Courage and comeback: Hillyard’s triumph over leukemia

The date was Nov. 11, 2021, and Helaina Hillyard ’25 was set to play her first home basketball game the next day for the university in Florida where she studied pre-dentistry.  

Hillyard’s sister arrived that night, but her sister’s excitement turned to concern when she saw Hillyard. She wanted to take her to a doctor. Hillyard said she’d wait and go on the weekend.

Helaina Hillyard ’25 goes up for an attack in a Bremner Cup match against Coe College last season.
Helaina Hillyard ’25 goes up for an attack in a Bremner Cup match against Coe College last season. Photo by Natalie McAllister ’24. Above photo: Hillyard prepares for a serve in the front row during a home match last season. Ray Borchert ’24 photo.

“I had bruises all over me, and these dots. I thought it was because I wasn’t taking care of myself and playing basketball and bumping into everybody,” Hillyard recalls. 

Hillyard never did play that game. Her sister picked her up at 6:30 a.m. the next morning, took her to urgent care, and from there to the emergency room.

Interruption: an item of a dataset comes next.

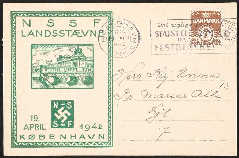 2548/4334Glostrup1942. NSSF Landsstævne 19. April København kort med grønt logo fra National Socialistisk Samler Forbund frankeret med 7 øre. NSSF var et frimærke forbund under

She was told if she had waited a few more hours she could have died from internal bleeding or had a brain bleed. The diagnosis was acute lymphoblastic leukemia (ALL), which required immediate treatment. Rather than stay in Florida, so far from her family in Mediapolis, Iowa, Hillyard was flown to Iowa City and taken directly to the University of Iowa Stead Family Children’s Hospital. 

For the next two-and-a-half years she had daily chemotherapy and a series of intensive in-patient treatments. 

“I thought I was never going to play sports again. It was my goal when I was first diagnosed to pursue my dreams to be a dentist and be a student-athlete,” she says. “When I was in the hospital I voiced those goals and asked my doctors for an elliptical in my room so I could stay in shape and not be so bedridden for weeks on end. I was losing all my muscle.” 

Meanwhile, she was trying to figure out the soonest she could be back in school. Cornell’s One Course At A Time offered her the flexibility she needed, she says. She reconnected with Head Volleyball Coach and Director of Athletics Jeff Meeker, who had originally recruited her before she chose another institution. When a short break in treatments aligned with Cornell’s Block 2 classes, she enrolled. 

The next spring she was working out with the Rams volleyball team, and by fall 2023—nearly two years after her diagnosis—she was practicing and playing with the team. The 5-foot-10 middle blocker finished treatment in March 2024 and is now cancer-free.  

Meeker says Hillyard has been an inspiration to the team. One of the themes for Rams athletics last year was “do hard things.” Hillyard, he says, was the ultimate example. 

“Helaina has been such a valuable addition to our team. She has taught our team that we are capable of doing hard things. Watching Helaina succeed in the classroom, consistently improve her performance on the court, and give to our campus and community—all while battling cancer—has made a profound impact on our program and our student-athletes,” Meeker says.

Hillyard admits it was really hard, but she doesn’t dwell on that. 

“I’ve played athletics for a long time and it’s a joy. I find joy from playing,” she says. “Going through something as bad as cancer and still being able to play—it wasn’t really like I’m doing the hardest thing by going to practice every day. It was more like I get to play volleyball every day and I’m thankful to be here, and that I have the opportunity to run and jump and be around such amazing people. It really was a blessing to be able to do that.” 

One of those amazing people, she says, is Coach Meeker. She calls him genuine and thoughtful, and says he’s respected by everyone on the team. She appreciates his confident, yet humble, leadership style and the way he always tries to improve: “I feel like not all coaches have that mindset. They’re like, ‘it’s my way or the highway.’”

Someday, when she’s a dentist, Hillyard says she hopes to be a confident, humble leader too. If it weren’t for the cancer, she would not have known his leadership. 

Everything happens for a reason, she says.

“It sounds crazy, but I really am thankful, not for the sadness of what my family has had to endure, but I’m thankful for the perspective it has given me. Not everyone gets to do the things I’ve been able to do. Not everybody survives leukemia. I told myself I need to do the things other people wished they could have.”